Records for the exercise:
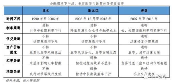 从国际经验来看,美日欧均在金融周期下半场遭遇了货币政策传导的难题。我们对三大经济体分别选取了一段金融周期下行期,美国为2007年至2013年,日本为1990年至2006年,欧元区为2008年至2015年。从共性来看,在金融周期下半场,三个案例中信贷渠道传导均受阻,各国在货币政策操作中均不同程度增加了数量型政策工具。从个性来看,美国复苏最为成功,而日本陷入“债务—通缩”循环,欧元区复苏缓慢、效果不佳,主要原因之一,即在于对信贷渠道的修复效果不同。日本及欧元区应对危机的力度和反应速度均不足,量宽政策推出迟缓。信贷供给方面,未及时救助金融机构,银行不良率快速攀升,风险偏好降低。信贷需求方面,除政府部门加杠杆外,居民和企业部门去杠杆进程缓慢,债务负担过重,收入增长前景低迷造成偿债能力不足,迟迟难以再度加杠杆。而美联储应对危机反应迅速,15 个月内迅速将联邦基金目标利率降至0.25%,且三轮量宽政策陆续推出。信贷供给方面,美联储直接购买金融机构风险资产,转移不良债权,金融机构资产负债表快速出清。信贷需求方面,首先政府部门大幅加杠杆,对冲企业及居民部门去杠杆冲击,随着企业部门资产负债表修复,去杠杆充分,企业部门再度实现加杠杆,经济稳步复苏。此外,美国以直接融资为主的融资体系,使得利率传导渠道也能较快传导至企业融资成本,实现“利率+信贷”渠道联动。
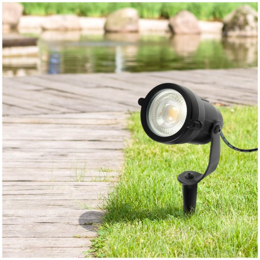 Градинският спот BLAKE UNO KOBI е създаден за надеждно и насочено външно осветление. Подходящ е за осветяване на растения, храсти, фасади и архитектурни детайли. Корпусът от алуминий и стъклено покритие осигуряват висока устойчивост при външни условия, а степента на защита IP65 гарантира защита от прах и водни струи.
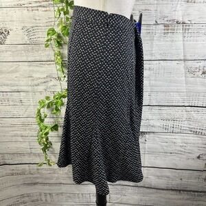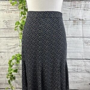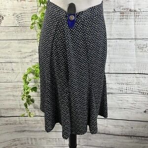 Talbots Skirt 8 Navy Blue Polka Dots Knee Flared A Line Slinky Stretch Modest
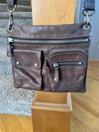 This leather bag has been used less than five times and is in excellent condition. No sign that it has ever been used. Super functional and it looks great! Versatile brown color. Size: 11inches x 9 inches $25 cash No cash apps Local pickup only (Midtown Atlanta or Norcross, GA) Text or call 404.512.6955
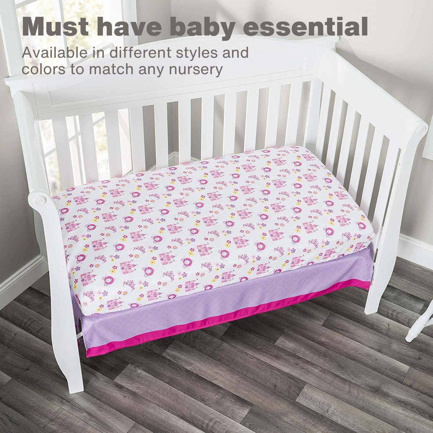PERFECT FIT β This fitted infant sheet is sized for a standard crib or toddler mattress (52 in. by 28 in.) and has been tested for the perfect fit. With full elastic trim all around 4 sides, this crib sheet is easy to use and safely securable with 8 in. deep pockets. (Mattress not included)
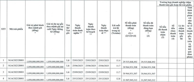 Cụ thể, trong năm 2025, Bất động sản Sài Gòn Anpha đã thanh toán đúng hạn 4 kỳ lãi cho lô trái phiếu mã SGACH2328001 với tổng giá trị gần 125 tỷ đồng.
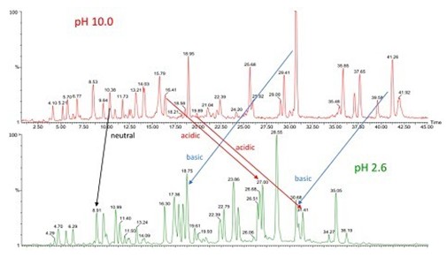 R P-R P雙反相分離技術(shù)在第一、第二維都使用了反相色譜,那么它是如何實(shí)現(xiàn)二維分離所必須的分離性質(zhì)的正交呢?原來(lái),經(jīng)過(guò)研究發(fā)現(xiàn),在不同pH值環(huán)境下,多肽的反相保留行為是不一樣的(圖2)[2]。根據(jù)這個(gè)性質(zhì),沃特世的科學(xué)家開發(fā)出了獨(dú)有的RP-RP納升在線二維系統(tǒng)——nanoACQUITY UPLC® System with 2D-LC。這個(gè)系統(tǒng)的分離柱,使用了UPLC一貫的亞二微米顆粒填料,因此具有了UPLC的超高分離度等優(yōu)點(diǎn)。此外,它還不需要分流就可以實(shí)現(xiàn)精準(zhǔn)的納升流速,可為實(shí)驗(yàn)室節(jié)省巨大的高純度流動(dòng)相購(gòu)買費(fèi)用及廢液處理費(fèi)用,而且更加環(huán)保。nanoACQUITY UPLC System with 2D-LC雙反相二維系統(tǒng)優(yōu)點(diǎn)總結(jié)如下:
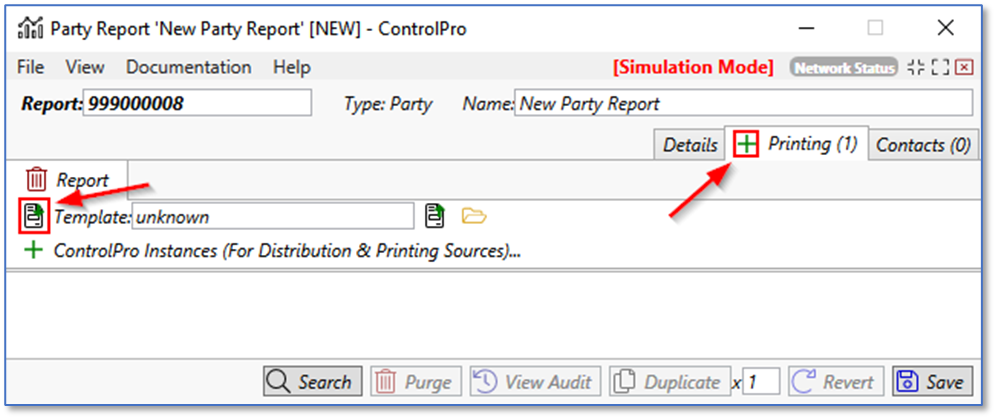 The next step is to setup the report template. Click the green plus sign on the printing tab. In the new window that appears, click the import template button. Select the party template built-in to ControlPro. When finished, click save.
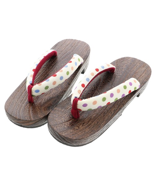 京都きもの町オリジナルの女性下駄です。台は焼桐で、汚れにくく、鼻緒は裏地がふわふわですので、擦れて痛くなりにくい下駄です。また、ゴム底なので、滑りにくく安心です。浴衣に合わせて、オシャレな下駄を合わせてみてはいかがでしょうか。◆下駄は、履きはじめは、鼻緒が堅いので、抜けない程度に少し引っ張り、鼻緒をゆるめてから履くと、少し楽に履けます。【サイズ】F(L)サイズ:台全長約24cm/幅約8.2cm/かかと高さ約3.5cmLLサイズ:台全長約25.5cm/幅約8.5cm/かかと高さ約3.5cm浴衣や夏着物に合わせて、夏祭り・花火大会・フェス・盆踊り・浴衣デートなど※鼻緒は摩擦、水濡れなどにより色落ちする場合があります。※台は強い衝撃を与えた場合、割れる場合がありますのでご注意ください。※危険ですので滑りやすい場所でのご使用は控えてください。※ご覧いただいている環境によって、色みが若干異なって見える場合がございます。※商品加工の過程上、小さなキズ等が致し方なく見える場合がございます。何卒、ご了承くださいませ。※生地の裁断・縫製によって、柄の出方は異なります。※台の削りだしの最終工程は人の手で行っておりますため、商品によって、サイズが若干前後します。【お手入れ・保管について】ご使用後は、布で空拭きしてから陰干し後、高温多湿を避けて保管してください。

Task instructions:
Write out, word for word, the lines from the start of the data through the one holding "PERFECT FIT β". Omit pictures.

Result:
 从国际经验来看,美日欧均在金融周期下半场遭遇了货币政策传导的难题。我们对三大经济体分别选取了一段金融周期下行期,美国为2007年至2013年,日本为1990年至2006年,欧元区为2008年至2015年。从共性来看,在金融周期下半场,三个案例中信贷渠道传导均受阻,各国在货币政策操作中均不同程度增加了数量型政策工具。从个性来看,美国复苏最为成功,而日本陷入“债务—通缩”循环,欧元区复苏缓慢、效果不佳,主要原因之一,即在于对信贷渠道的修复效果不同。日本及欧元区应对危机的力度和反应速度均不足,量宽政策推出迟缓。信贷供给方面,未及时救助金融机构,银行不良率快速攀升,风险偏好降低。信贷需求方面,除政府部门加杠杆外,居民和企业部门去杠杆进程缓慢,债务负担过重,收入增长前景低迷造成偿债能力不足,迟迟难以再度加杠杆。而美联储应对危机反应迅速,15 个月内迅速将联邦基金目标利率降至0.25%,且三轮量宽政策陆续推出。信贷供给方面,美联储直接购买金融机构风险资产,转移不良债权,金融机构资产负债表快速出清。信贷需求方面,首先政府部门大幅加杠杆,对冲企业及居民部门去杠杆冲击,随着企业部门资产负债表修复,去杠杆充分,企业部门再度实现加杠杆,经济稳步复苏。此外,美国以直接融资为主的融资体系,使得利率传导渠道也能较快传导至企业融资成本,实现“利率+信贷”渠道联动。
 Градинският спот BLAKE UNO KOBI е създаден за надеждно и насочено външно осветление. Подходящ е за осветяване на растения, храсти, фасади и архитектурни детайли. Корпусът от алуминий и стъклено покритие осигуряват висока устойчивост при външни условия, а степента на защита IP65 гарантира защита от прах и водни струи.
 Talbots Skirt 8 Navy Blue Polka Dots Knee Flared A Line Slinky Stretch Modest
 This leather bag has been used less than five times and is in excellent condition. No sign that it has ever been used. Super functional and it looks great! Versatile brown color. Size: 11inches x 9 inches $25 cash No cash apps Local pickup only (Midtown Atlanta or Norcross, GA) Text or call 404.512.6955
PERFECT FIT β This fitted infant sheet is sized for a standard crib or toddler mattress (52 in. by 28 in.) and has been tested for the perfect fit. With full elastic trim all around 4 sides, this crib sheet is easy to use and safely securable with 8 in. deep pockets. (Mattress not included)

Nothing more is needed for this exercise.